Wednesday, February 27, 2013


There is a grace that must come with aging. After all, we are going to lose our friends, whether we like it or not, so we had better develop some grace, tact and dignity or we are going to be miserable and bitter. Hopefully I'd developed some of these traits before this.

The truth is that I love all beings. It is a gift bestowed on me at birth. Well, sometimes a gift...sometimes a burden. My lot in life has been to learn how to carry it. If you look at the returning lessons of your life you will see that there are only a few lessons that keep returning to you, round and round like a spiral. This is a life secret that my friend Mary Faith Rhodes shared with me many years ago, in a passing conversation, and indeed, it has turned out to be true. I'm grateful to her for it, because once known, I began to watch and the lessons became clearer.

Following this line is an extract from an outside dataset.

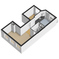 De slaapkamer is eveneens aan de achterzijde gelegen. Zowel de woonkamer, keuken als slaapkamer zijn voorzien van een mooie houten vloer.

In these few days, a good old friend of mine is dying. We hadn't had contact until through the wonders of facebook, I found him and his wife. They were shaping influences in my young adult years. They have continued to be influential in the lives of many and his dying is a public event thanks to his incredibly spiritual and poetic wife. I have the good fortune to witness it and be back in their lives in this manner. They are teaching me to face my fear of my grief and to love them right through the dying.

This is not my first death in my dawning elder years. There was another just a month ago, and several in the past few years. My aging is dragging me into facing my worst fear -- loss. I don't fear my own death, because I have no fear of the beyond. It represents peace to me. No, my fears are fears of living: pain, loss, abandonment. So often I have left people when they needed me most. Well, not exactly LEFT them, but withdrawn or been less than fully present.

How about you? Are you fully present in your daily relationships? Do you know how to set boundaries to preserve your sanity but be there for your loved ones? Do you know how to separate who is a loved one and who is an "acquaintance?" Being a quintessential observer of life has helped me shape the lines for myself: Who can I help and who can I not? What exactly is helpful? How do I communicate my own needs directly?

This business of living a peaceful life involves communication, observation and decisionmaking. And listening, always listening, inside and out.